В те годы я открывал для себя Уэллса, и его "Борьба миров" казалась мне книгой очень современной: марсиане в моем сознании ассоциировались с фашистскими оккупантами.

Деревня, куда мы приехали, называлась Тресковицы и находилась недалеко от железнодорожной станции Вруда.

Все для меня было внове: и косить, и снопы вязать, молотить. Впервые в жизни я учился запрягать лошадь, возить на ней солому и снопы. У меня всегда было настороженное и недоверчивое отношение к коровам и лошадям. Все-таки они не собаки. Но я вызвался помогать и старался делать работу так, чтобы на меня не обижались.

В этой деревне я надеялся услышать настоящие, старинные, не запятнанные никакими влияниями русские песни.

Но в те годы в деревнях пели мало.

Трудно было и голодно.

Невольно вспоминался Уэлен в тяжелое время.

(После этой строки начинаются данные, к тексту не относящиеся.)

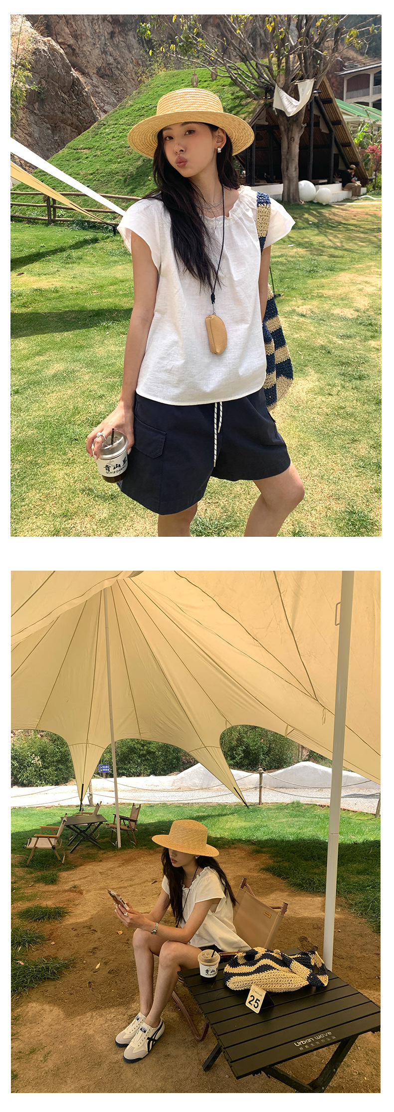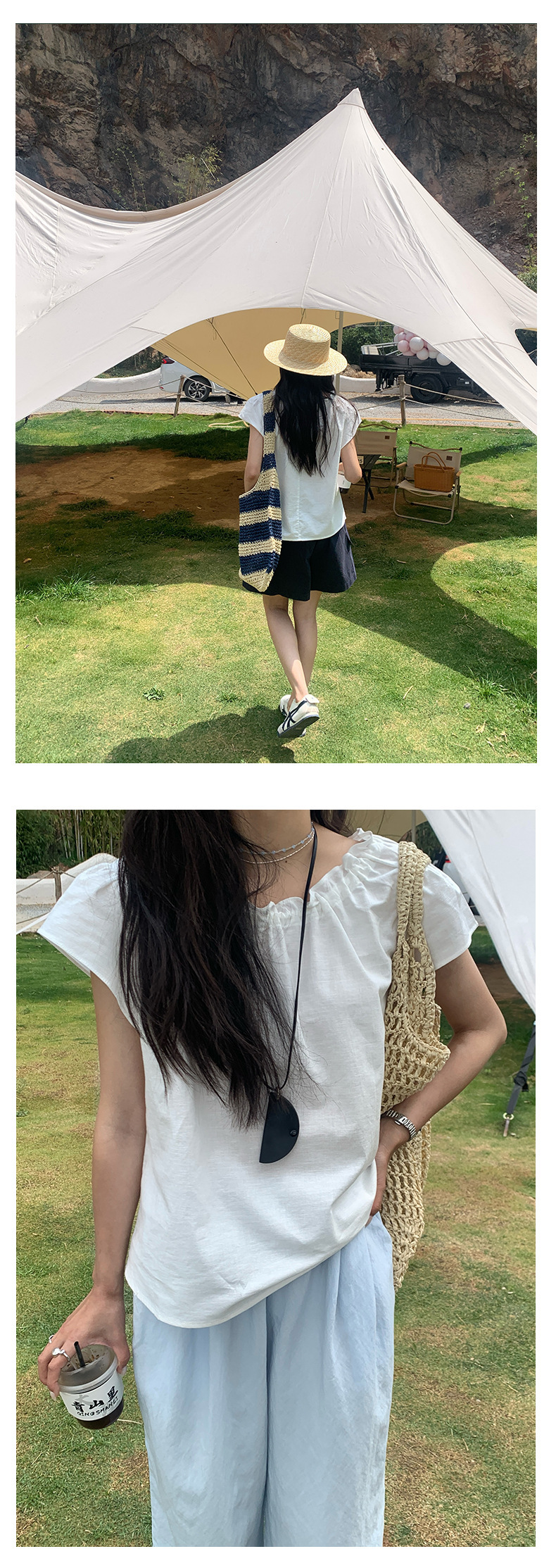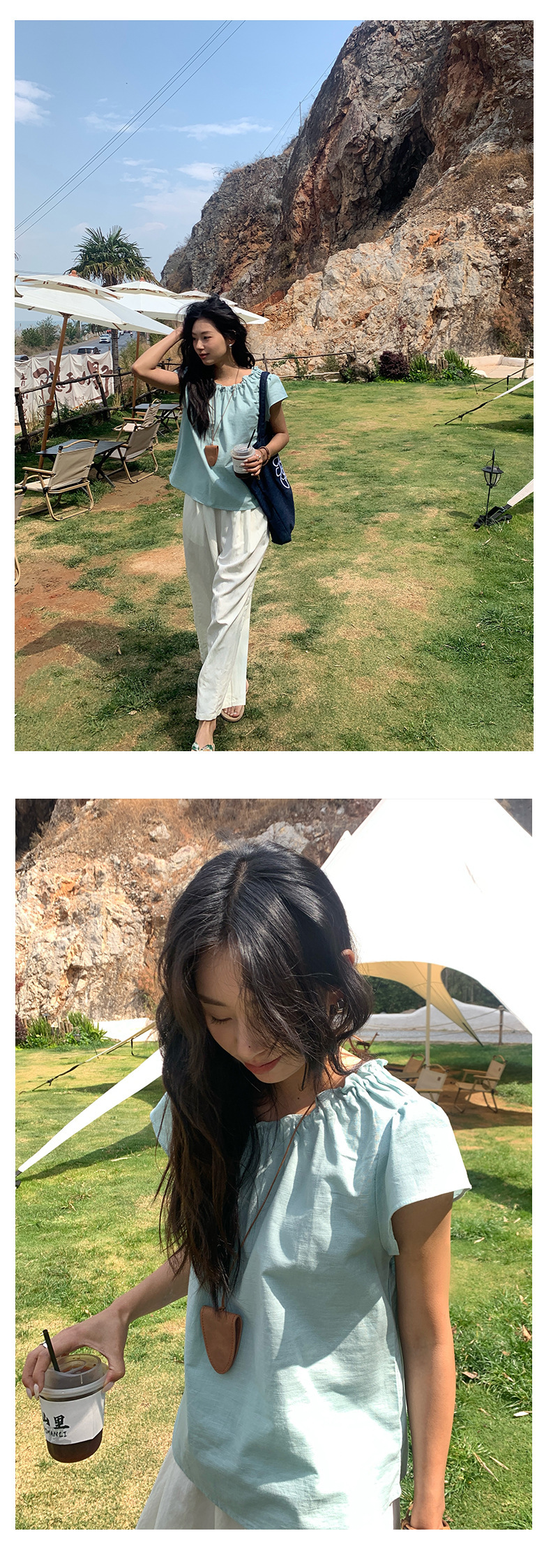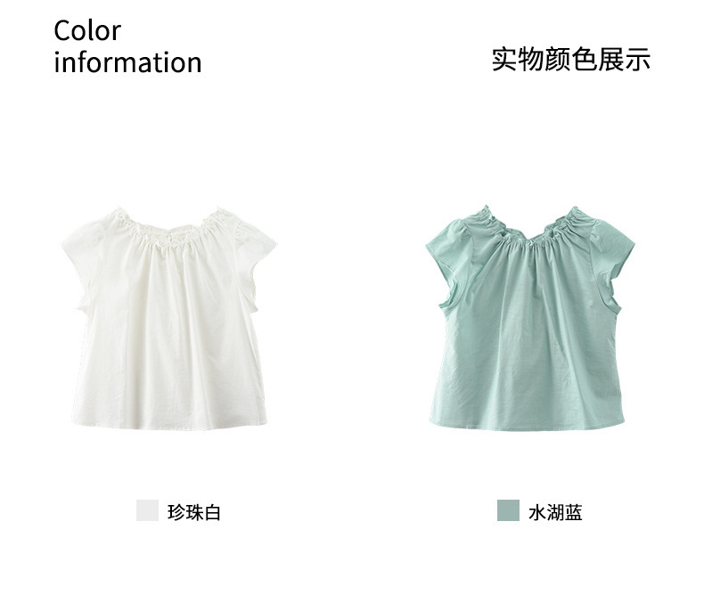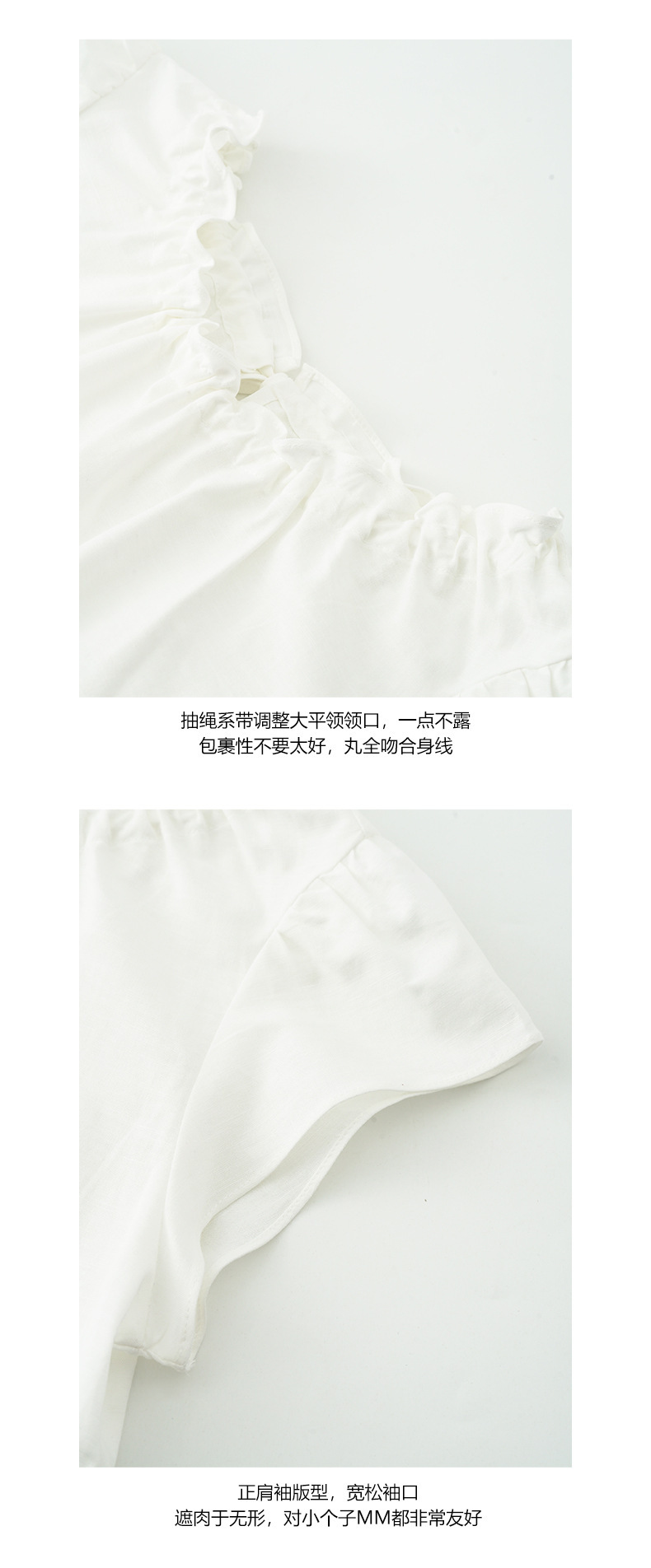 *o-ha-you*【FHZH1CH5020369】荷葉邊領口精緻繫帶寬鬆版短袖上衣2025夏款甜美清新-2色-如有需要請先諮詢

В сорок четвертом году в нашем селении началась небывалая эпидемия вирусного гриппа. Все лежали в своих ярангах. Некому было ходить на охоту, некому было даже открыть магазин и склады. Да и не на что было купить продукты в магазине. Мы уже ели вареные ремни, куски моржовой покрышки. И вдруг по ярангам разнеслась невероятная весть – каждый может пойти в магазин и взять себе продуктов, сколько он хочет и какие ему нужно. Совершенно бесплатно. Сначала никто не поверил этому, хотя кое-кто пошел проверить. Пошел и я. Все оказалось правдой: каждый брал столько продуктов, сколько хотел. Таково было распоряжение правительства. До сих пор не могу вспомнить об этом без волнения: комок подкатывает к горлу. Оценка таких явлений со временем повышается, как растут в цене настоящие, переходящие из века в век ценности. И когда я воскрешаю в памяти те дни, невольно спрашиваю себя: а где еще могло быть такое? Страна воевала, Ленинград, осажденный врагом, голодал, на жестком пайке сидели и москвичи, и вдруг – открытый настежь магазин в Уэлене!